The procedure. Cashless settlement is the norm in medical insurance policies. Insurers hand over two important documents to the policyholders. The first is a list of hospitals across India empanelled with the insurer.
The second is an identity card which also has the contact details of the third party administrator, an entity appointed by the insurer to act as an intermediary between the hospital and the insurer to settle claims. Store the TPA's number given on the card in your mobile.
Choose one of the empanelled hospitals for your treatment. If you don't have the list, call up your TPA for help. Typically, if you go to a hospital that is not part of the network, you will have to foot the bills yourself and then follow it up with the TPA later to get your reimbursement.
Says C Chandra Shekhar, chief marketing officer, Apollo DKV Health Insurance, a standalone health insurer, "Most of the well-known hospitals are well networked with the insurers now. However, you will need to follow the reimbursement method with some small clinics and hospitals that may not be part of the network."
Keep the documents safely. In fact, if you have their photocopies at home and tell your family members where they are kept, you would not be stranded in an emergency or when you misplace your set.
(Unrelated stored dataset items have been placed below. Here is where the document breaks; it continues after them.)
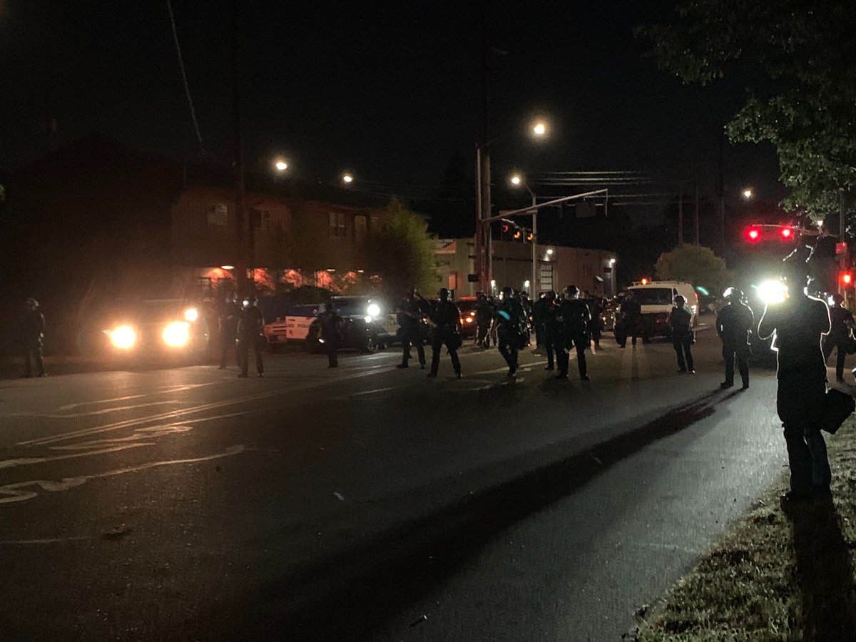 After a brief standoff, protesters changed plans and headed east on Killingsworth toward the North Precinct. But they were met by another group of officers at Mississippi, several blocks away from the precinct.
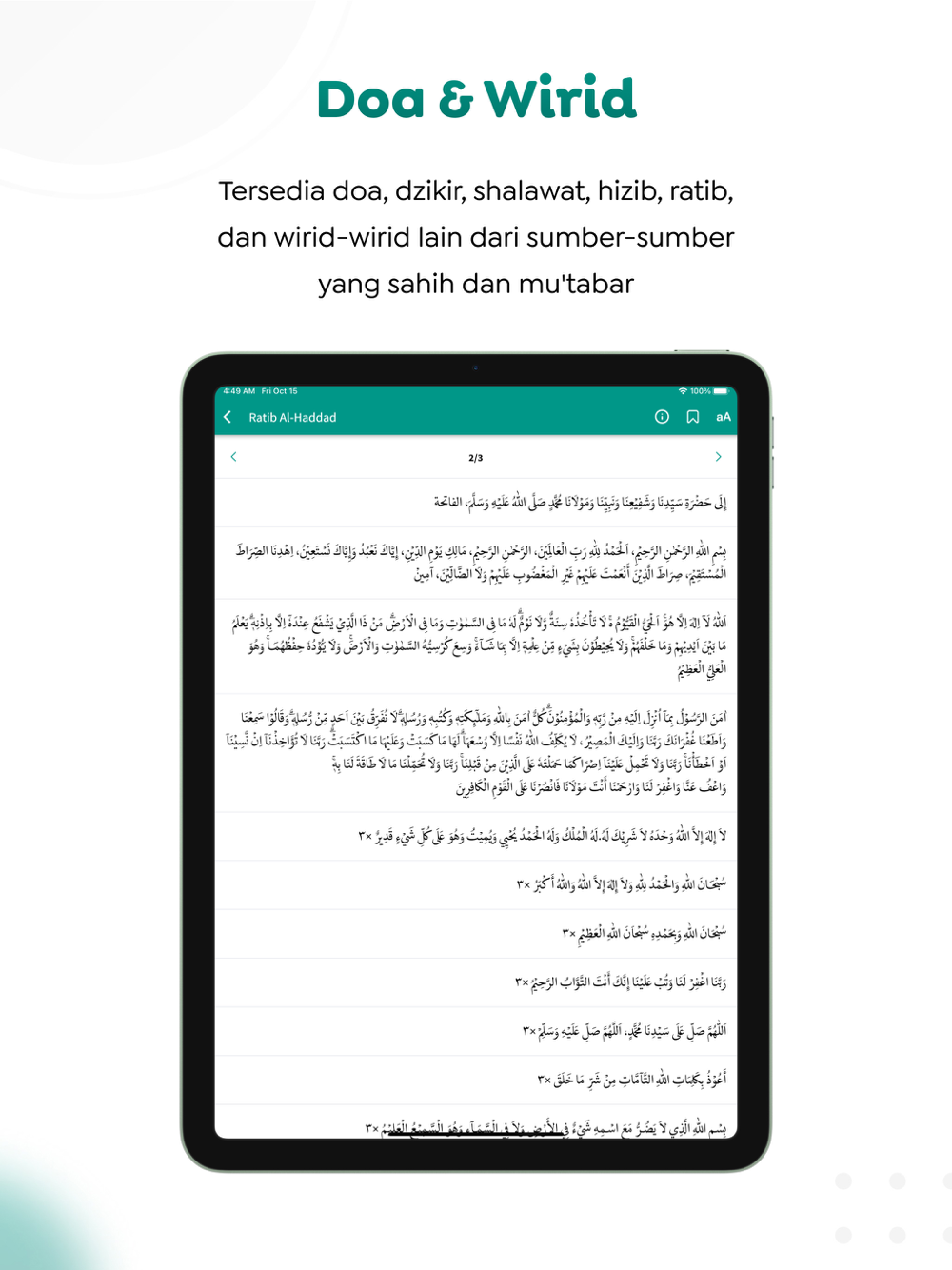 Menyediakan ratusan doa keseharian, kesehatan, perjalanan, kesehatan, dan lain-lain; juga shalawat, ratib, hizib, istighotsah, dan wirid-wirid lainnya dari sumber-sumber otoritatif.
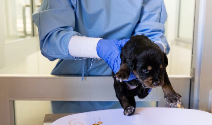 There are two sides of the Puppy Admissions building, and due to how easily infection and disease can spread from side to side, the caregivers have their hygienic procedures organized down to the nitty-gritty details. Each side of the puppy clinic has separate airflow, as to not spread airborne sicknesses, and both Blair and Schobert change their shoes after working on each side. When physically working with the dogs and puppies, they suit up in gloves and surgical gowns.

In the hospital, show your TPA card and fill the authorisation form. The hospital will then send the interim cost structure based on the prognosis to the TPA, which will be having your data record. The TPA will check the documents and approve or reject the authorisation.
In the meantime, you will be admitted to the hospital and your treatment will begin. However, whether you need to pay or not will depend on the authorisation. Says Chandra Shekhar, "If the TPA authorises the claim, the policyholder does not have to shell out a paisa as the hospital directly furnishes the final cost on discharge with the TPA. But if the claim is rejected, the policyholder has to follow it up himself after settling his dues with the hospital." The medical cover for the year stands reduced by the claim amount.
The practice. This apparently simple process may run into any one of several glitches. One of these is thin manpower, as experienced by Nazir. "Even something as inconsequential as the server being down can cause delays," says Deepak Mendiratta, managing director, Health and Insurance Integrated, a corporate insurance solution provider which is a link among the hospital, TPA and the insurer.
Mendiratta adds, "More serious issues could be incorrect or incomplete information furnished by the hospital. Or notice about renewal of the policy may not have come to the TPA from the insurer."
The solution. You cannot control what happens at the TPA end, but being prompt and accurate can make matters easier for you. You need to know very well what your policy covers and what it doesn't - any limits on the room rent, doctor's fees and medicines, for instance.
Overshooting these limits might create problems while getting the authorisation approved. The most important thing is to initiate the claim well in advance. Says Chandra Shekhar, "Hospitalisation is elective in 97 per cent of the cases and can be planned well in advance. Initiate the process at least a week in advance."
The authorisation is valid for 15 days to a month, so it pays to start the process early. Store the TPA's number and keep your family in the loop about it as it helps to get directly in touch with the TPA in emergencies.
Says Shreeraj Deshpande, head, health insurance, Bajaj Allianz General Insurance, which has an in-house TPA function: "If there is an emergency, you need to get in touch with the call centre at the earliest. Once our call centre is alerted, we follow it up with the hospital for the pre-authorisation."
However, if there is a delay, you may have to check with the TPA yourself. Keep all the relevant documents like doctor's prescriptions, diagnosis reports and hospital bill ready.
The bottomline is: Don't lose what's due to you due to yourself.